### EXERCISE INSTRUCTIONS
Return exactly the lines from the "Super Slow Motion" line through the last line of the entries below. Include no pictures.

Collection entries:

────────────────────────────────────────

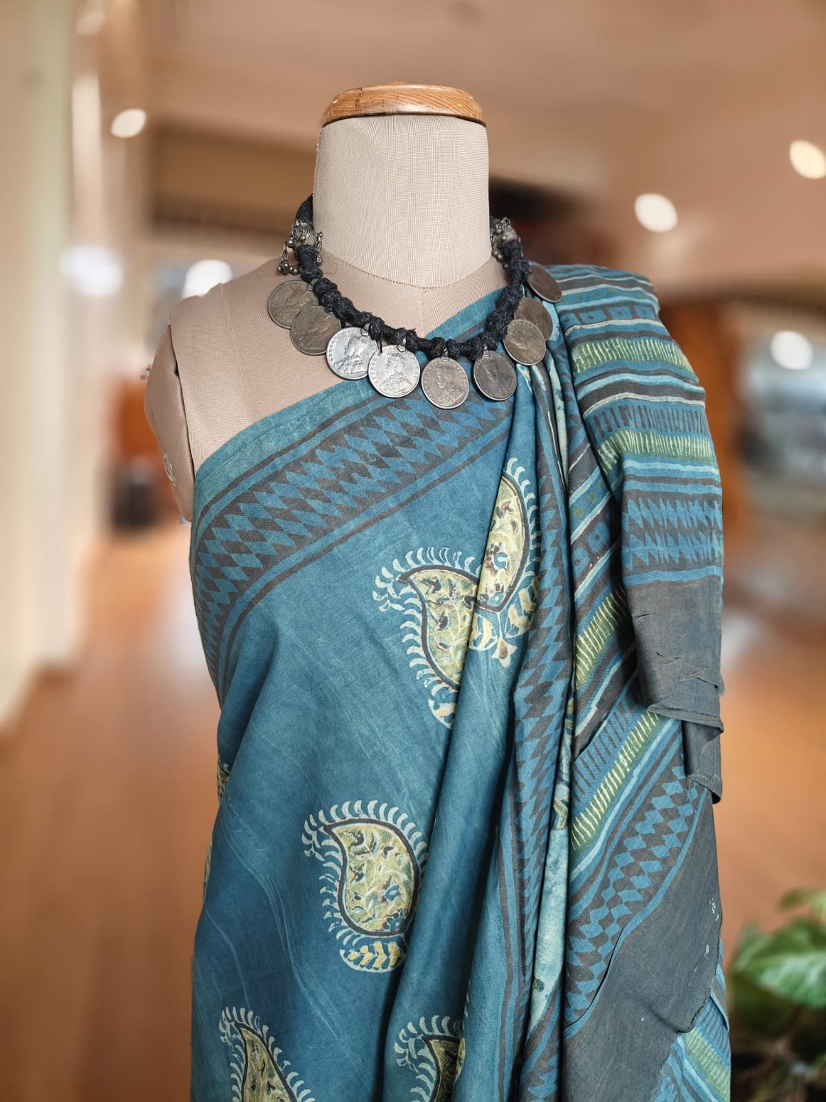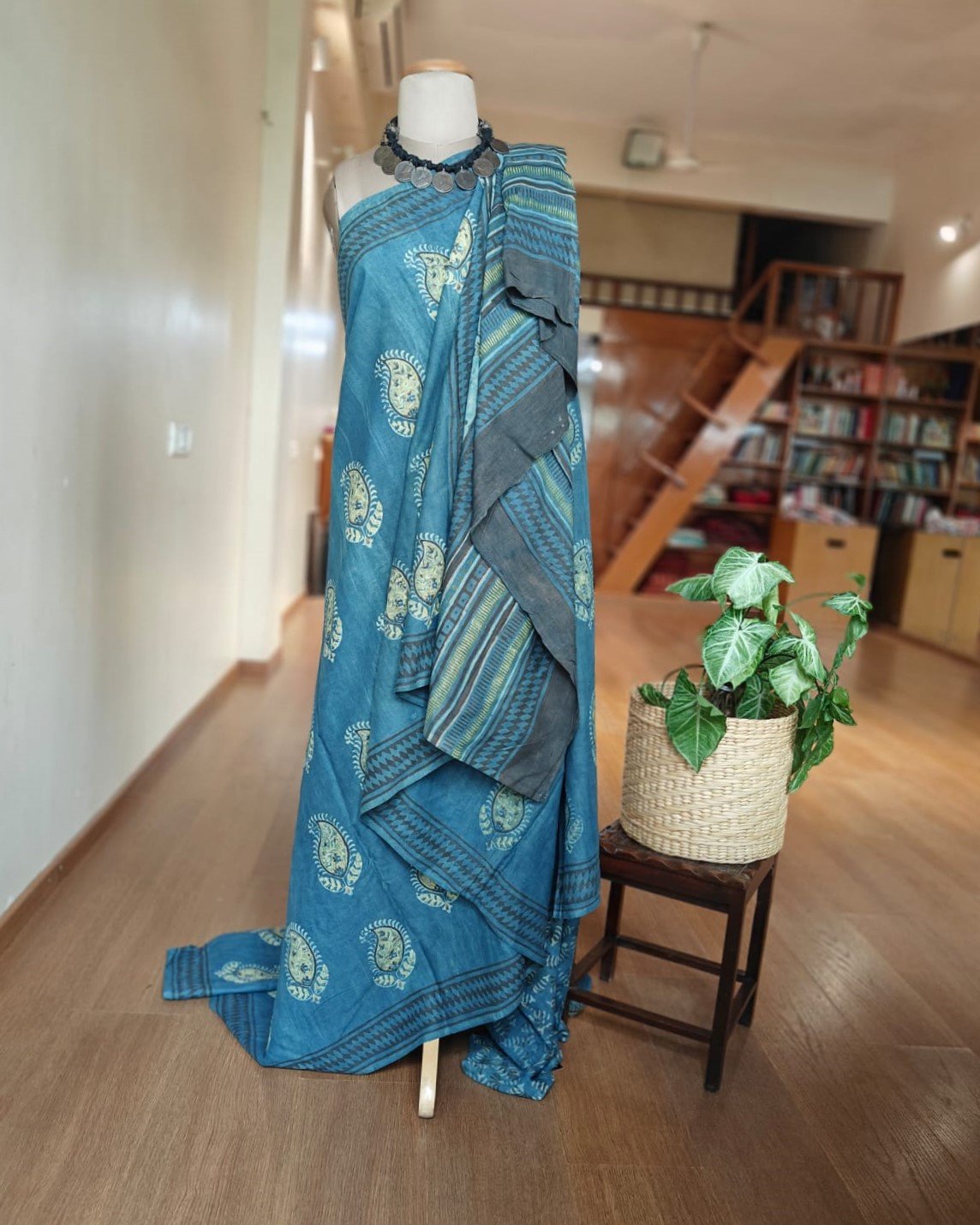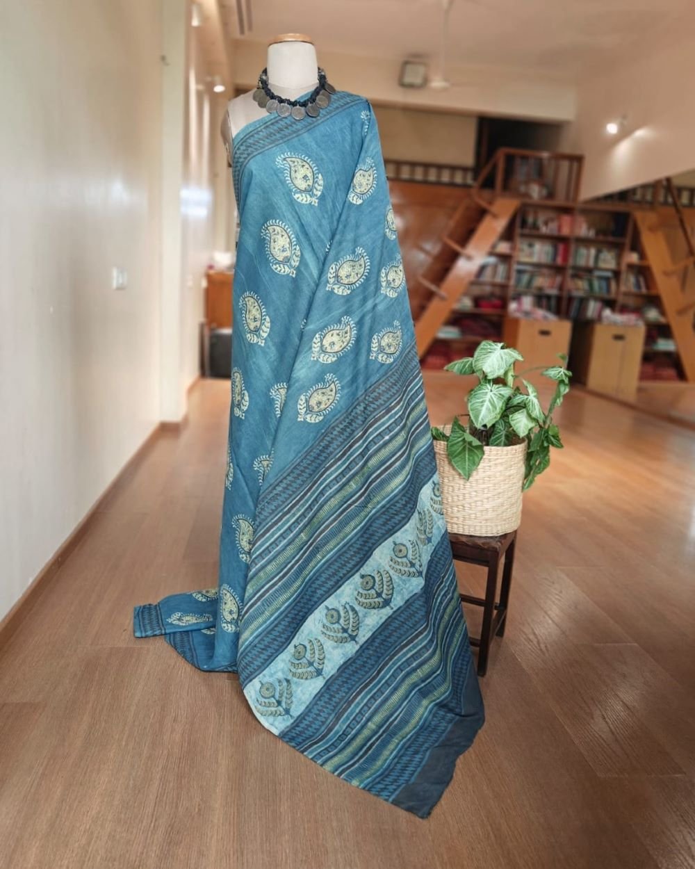 Natural dyes hand printed saree – Indigo Paisley
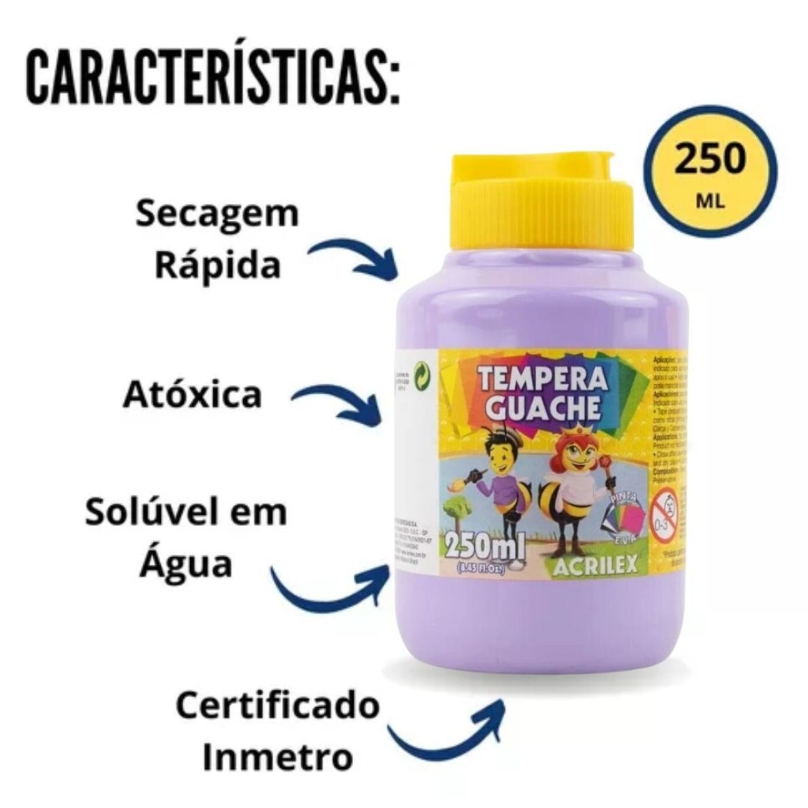 Cores Vibrantes: Quer deixar sua arte incrível? Com o Guache 250ml da Acrilex, suas pinturas vão ganhar vida com cores intensas e super pigmentadas.
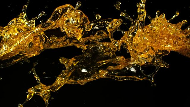 Super Slow Motion Shot of Oil Splashes Flying Towards Isolated on Black Background at 1000fps.
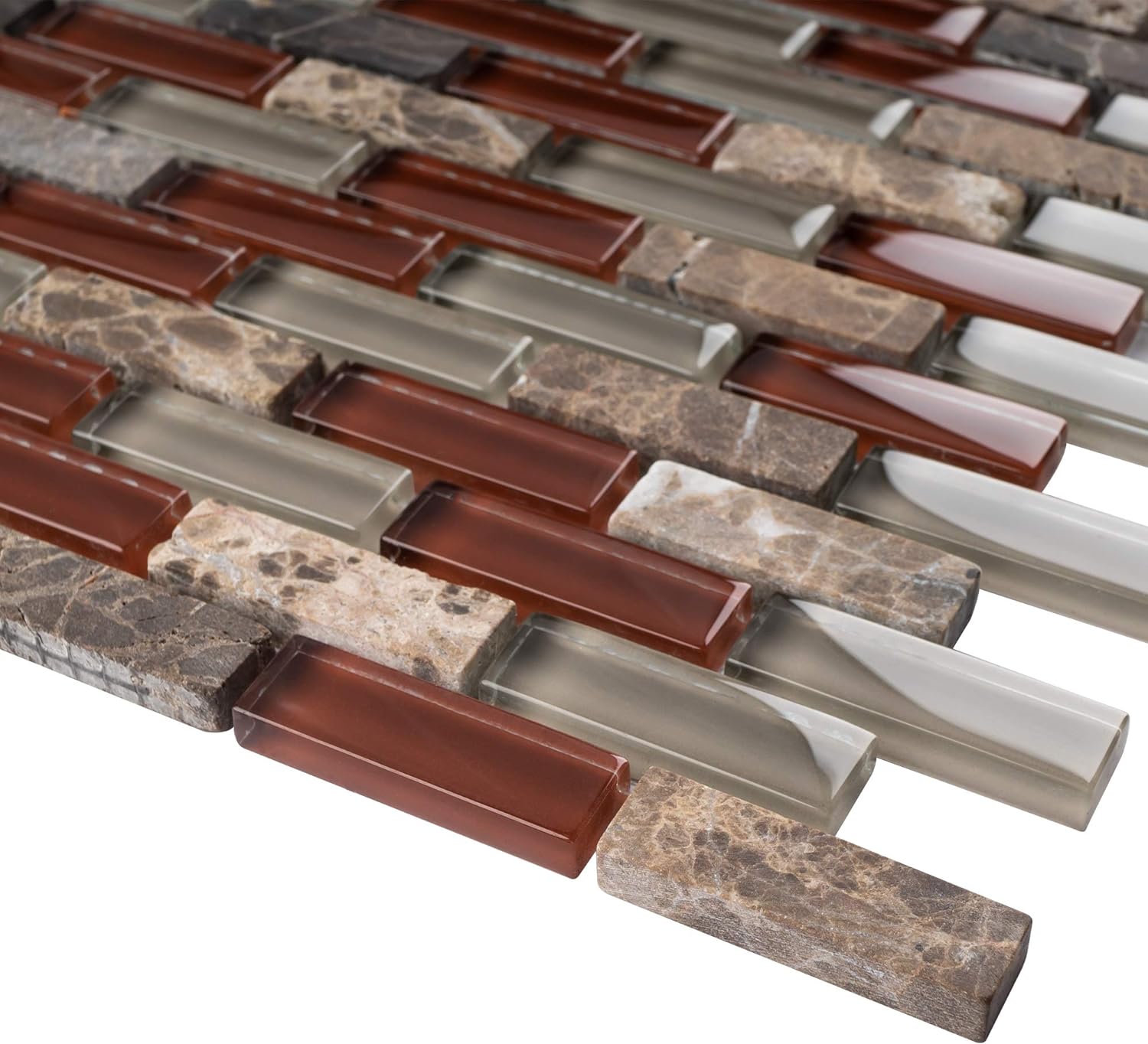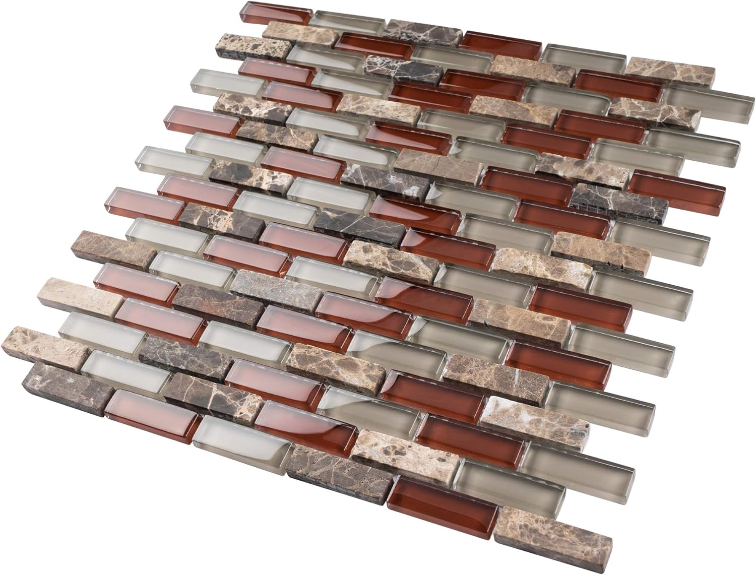 TBCDG-06 Burgundy Mix Gray Brick Glass Mosaic Wall Tile
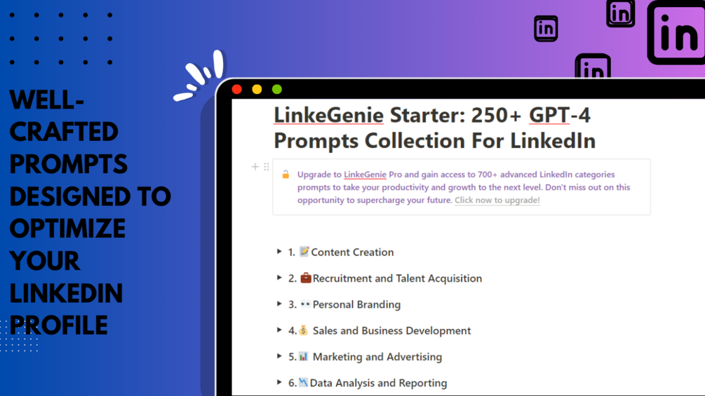 LinkeGenie is the ultimate digital product for anyone who wants to get the most out of LinkedIn. Our product provides you with proven prompts and strategies for eight different LinkedIn categories in the starter version and twenty in the pro version, including content creation, recruitment and talent acquisition, personal branding, sales and business development, marketing and advertising, data analysis and reporting, networking and relationship building, industry research and trend analysis, and much more.

────────────────────────────────────────

### YOUR SOLUTION
 Super Slow Motion Shot of Oil Splashes Flying Towards Isolated on Black Background at 1000fps.
 TBCDG-06 Burgundy Mix Gray Brick Glass Mosaic Wall Tile
 LinkeGenie is the ultimate digital product for anyone who wants to get the most out of LinkedIn. Our product provides you with proven prompts and strategies for eight different LinkedIn categories in the starter version and twenty in the pro version, including content creation, recruitment and talent acquisition, personal branding, sales and business development, marketing and advertising, data analysis and reporting, networking and relationship building, industry research and trend analysis, and much more.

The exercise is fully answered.